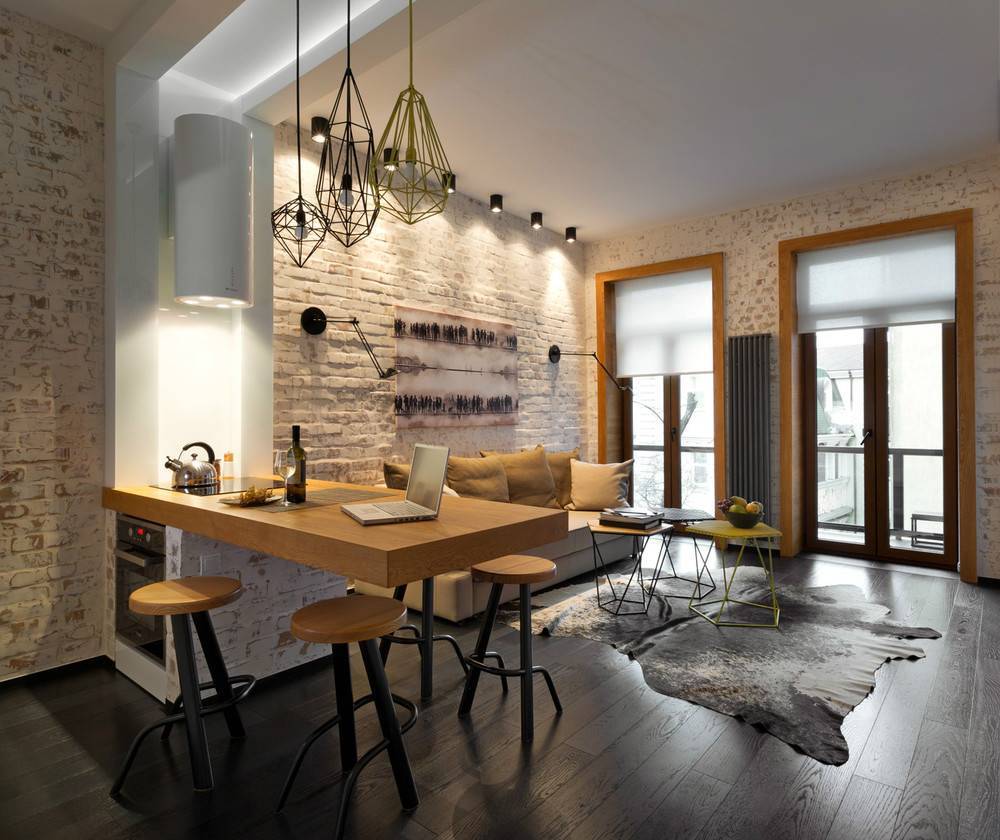 В квартирах-студиях барная стойка часто является необходимым предметом, без которого сложно представить грамотное зонирование пространства. Кроме того, она нередко украшает интерьер. Особенно в случае, если используются контрастные, сложные конструкции с различным декором, необычным освещением или другими деталями. Поскольку в студиях открытая планировка, барная стойка может использоваться, как перегородка. Поэтому она часто оформлена с помощью декоративной кирпичной кладки или камня. Конечно же, только в том случае, если это уместно в выбранном стиле интерьера.
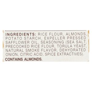 ingredients : rice flour;almonds;potato starch;safflower oil;seasoning (sea salt, precooked rice flour, torula yeast, natural smoke flavor, dehydrated onion, citric acid, spice extractives)
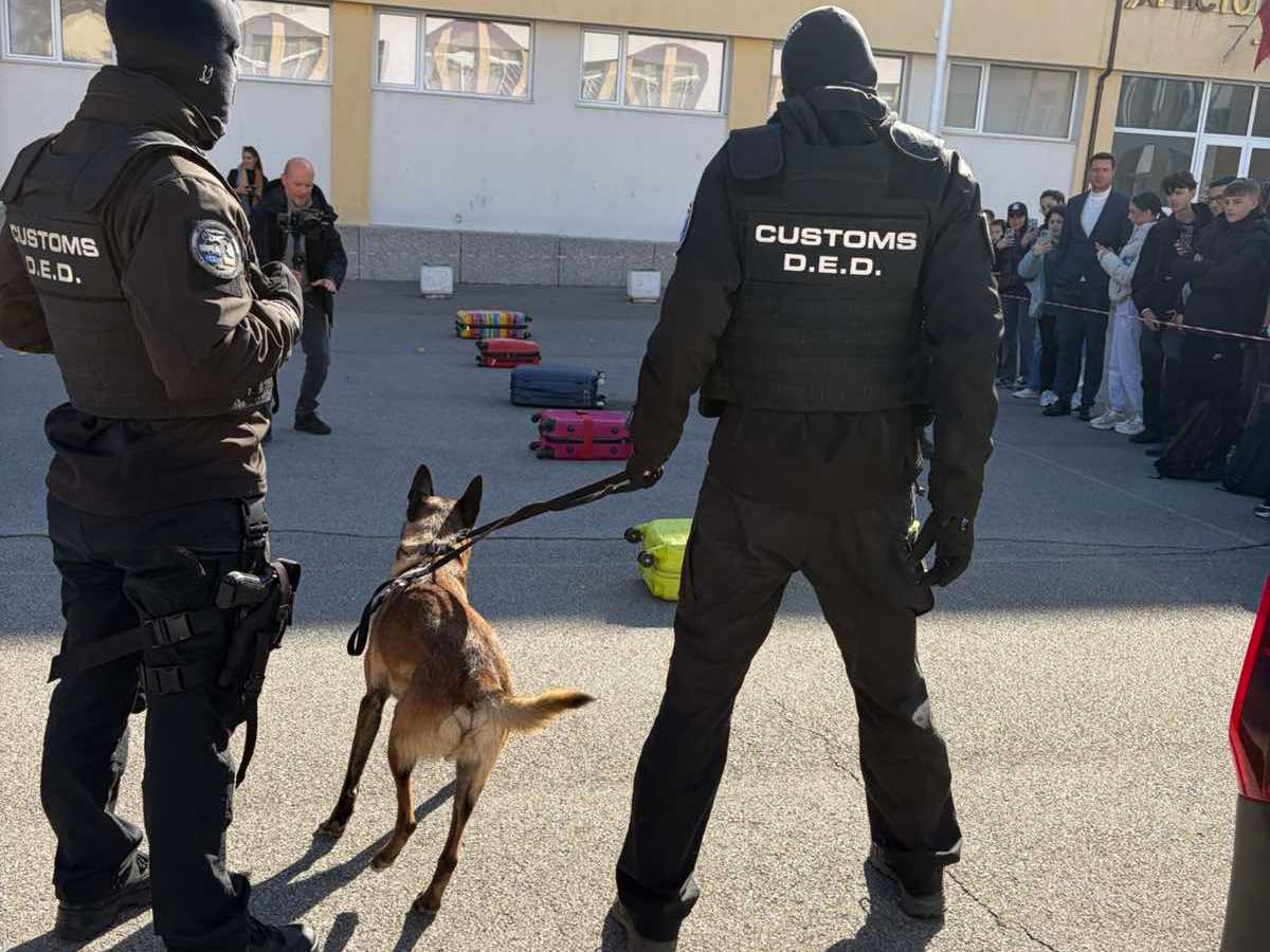 Двамата изнесоха презентации пред повече от 200 ученици и учители за рисковете от употреба на наркотици и хазартната зависимост. И двете лекции предизвикаха активни реакции и поредица въпроси, а на финала служители от отдел „Борба с наркотрафика“ направиха демонстрация на търсене на наркотични вещества с обучено митническо куче, в която се включиха и най-смелите сред учениците.

DESCRIPTION OF THE TASK
Leave the images aside and retype each line of the listing above exactly.

SOLUTION TO THIS TASK
 В квартирах-студиях барная стойка часто является необходимым предметом, без которого сложно представить грамотное зонирование пространства. Кроме того, она нередко украшает интерьер. Особенно в случае, если используются контрастные, сложные конструкции с различным декором, необычным освещением или другими деталями. Поскольку в студиях открытая планировка, барная стойка может использоваться, как перегородка. Поэтому она часто оформлена с помощью декоративной кирпичной кладки или камня. Конечно же, только в том случае, если это уместно в выбранном стиле интерьера.
 ingredients : rice flour;almonds;potato starch;safflower oil;seasoning (sea salt, precooked rice flour, torula yeast, natural smoke flavor, dehydrated onion, citric acid, spice extractives)
 Двамата изнесоха презентации пред повече от 200 ученици и учители за рисковете от употреба на наркотици и хазартната зависимост. И двете лекции предизвикаха активни реакции и поредица въпроси, а на финала служители от отдел „Борба с наркотрафика“ направиха демонстрация на търсене на наркотични вещества с обучено митническо куче, в която се включиха и най-смелите сред учениците.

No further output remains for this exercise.